NEW YORK (AP) -- Television comedy is Tina Fey's world these days. Is there room for anybody else?
Fey and "30 Rock," her series about the backstage world at a late-night network show, swept both the Emmys and Golden Globes in the past year, and she's set up to do it again at this year's Emmys.
"30 Rock" earned 22 Emmy nominations on Thursday, shattering a record of 17 for best comedy series that it had set only last year. And Fey was The Associated Press' entertainer of the year in 2008, in part for her gut-busting impersonation of Republican vice presidential candidate Sarah Palin.
"30 Rock," which won the last two Emmys for best comedy, is appearing as dominant as "Frasier" was in the 1990s, when it won the best comedy Emmy for five years straight.
Fey, who wasn't available to talk about her nominations, seems to recognize the roll she's on. When she picked up a Golden Globe award in January, she said, "I want you to know that I really know how very lucky I am to have the year that I've had this year." On both awards shows, she was named best actress in a comedy.
Other Emmy nominees for best comedy this year are NBC's "The Office," "Flight of the Conchords" and "Entourage" on HBO, Fox's animated "Family Guy" and Showtime's "Weeds."
While "30 Rock" is very funny, it also benefits from being popular at a relatively down cycle for TV comedy, said Rob Long, a former writer at "Cheers" who runs his own comedy blog.
"`30 Rock' is a lot better as a show than it really needs to be," Long said. "It doesn't have a lot of competition."
The series had the kind of surrealistic season finale this year that showed its hip cache. Guest included Mary J. Blige, Clay Aiken, Elvis Costello, Wyclef Jean, Moby, Ad Rock and Sheryl Crow.
The ability to draw guest stars is a strength and gimmick. "30 Rock" won three of the five Emmy nominations Thursday for guest actor in a comedy series for Alan Alda, Jon Hamm and Steve Martin.
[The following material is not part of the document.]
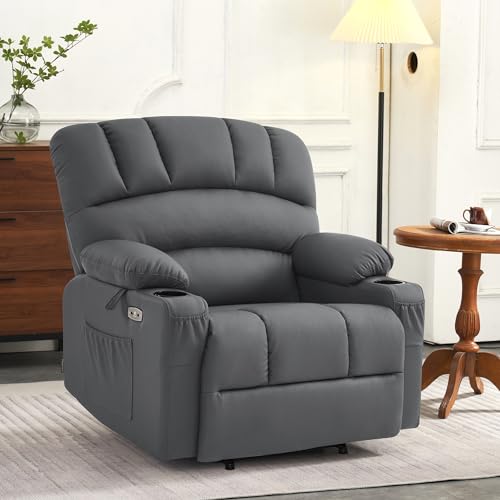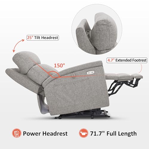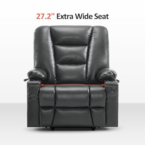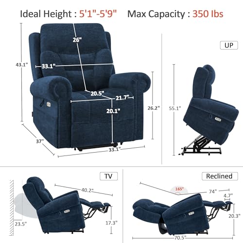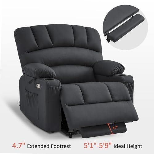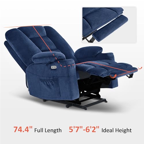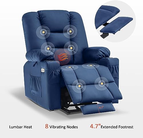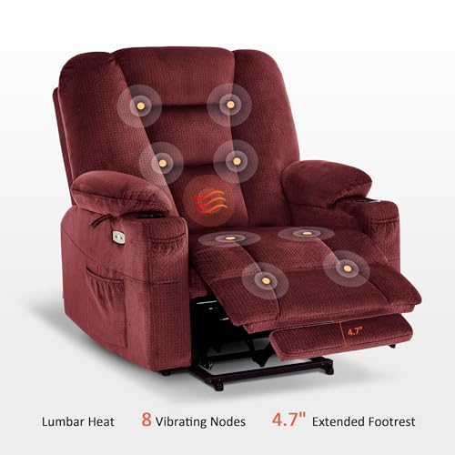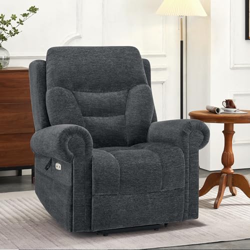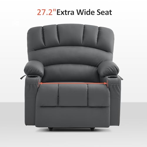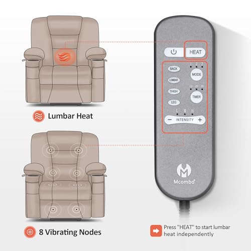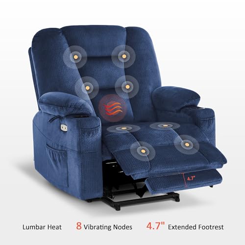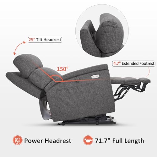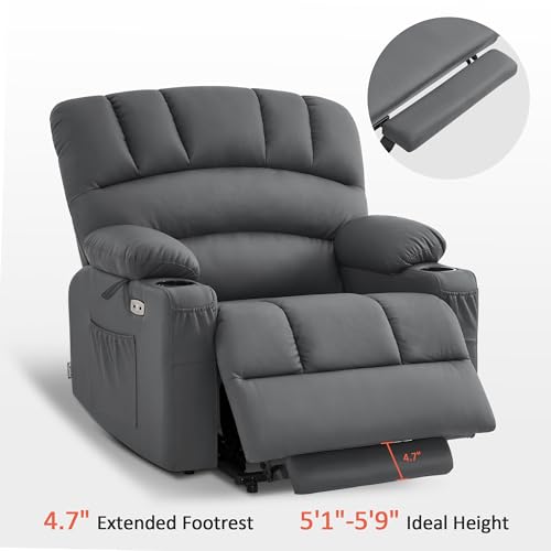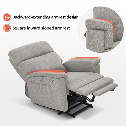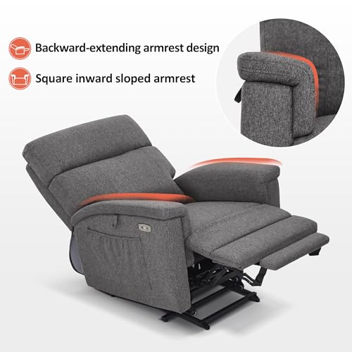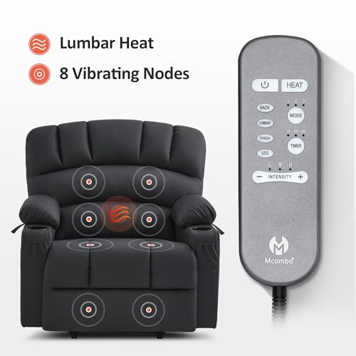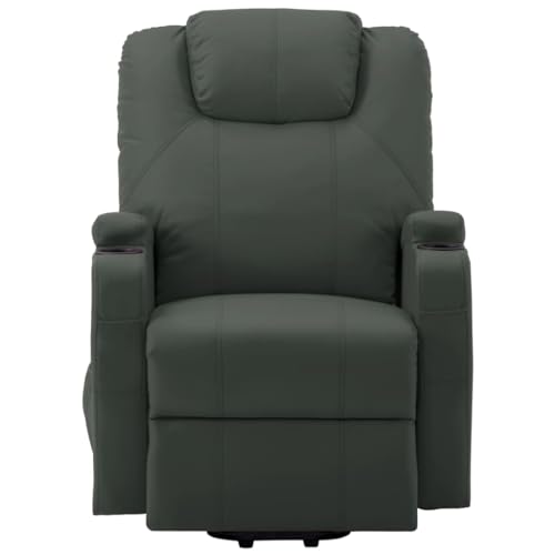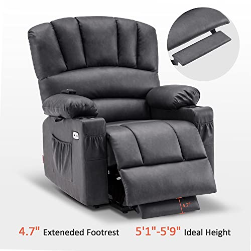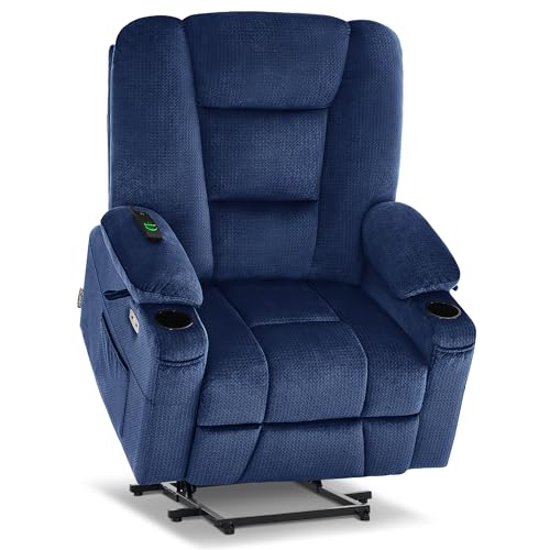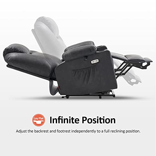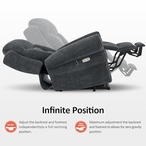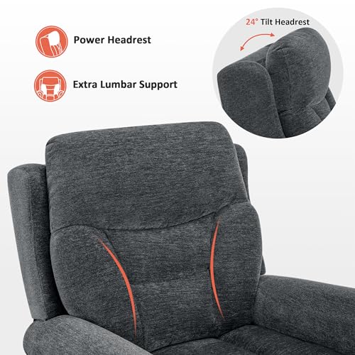 MCombo Power Lift Recliner Chair with Massage and Dual Heating, Adjustable Headrest, Extended Footrest for Elderly People, Fabric R7605 (Dark Grey)

It's the type of show that everybody in the comedy business wishes they had on their resume, Long said.
Still, it can leave rivals feeling crowded. Four of the five nominations for best writing in a comedy series went for episodes of "30 Rock." One episode of "Flight of the Conchords" was the only exception.
"I think it's a very good show, a very funny show," said Greg Daniels, executive producer of NBC's "The Office." "I think in the writing category, we could have gotten a nomination, too. I think that's a little excessive there, the enthusiasm of the writer's wing."
"30 Rock" was moved in NBC's Thursday night lineup this season to a slot after "The Office," because Daniels' ensemble comedy has a bigger audience.
In fact, Fey used her Emmy platform last fall to plead for more viewers. It worked. The series had an average audience of 7.8 million viewers this season, up 20 percent over the year before. "The Office" went up, too, to 9.3 million viewers, according to Nielsen Media Research.
The awards show adulation definitely helped, said Jeff Ingold, executive vice president of comedy programming for NBC. He knows from personal experience: Relatives in Michigan and Illinois told him they sampled "30 Rock" because of all the fuss.
"30 Rock" is now in that "Frasier" sweet spot of adulation, even if it seems to have gotten "a little stale," said Tim Brooks, a television historian and author of "The Complete Directory to Prime Time Network and Cable TV Shows." The Emmys like repeat winners; "Frasier" star Kelsey Grammer and John Lithgow of "3rd Rock From the Sun" won three Emmys each as best comic actors in the 1990s.
"When they latch on to a show like that, especially if it's by a Hollywood producer they like, then year after year they tend to go back to the well," Brooks said.
The last thing NBC's Ingold is worried about is any kind of Emmys backlash.
"We like winning and we hope to have a lot of wins this fall with the Emmys," he said. "I can't think of a downside to winning as many Emmys as we can."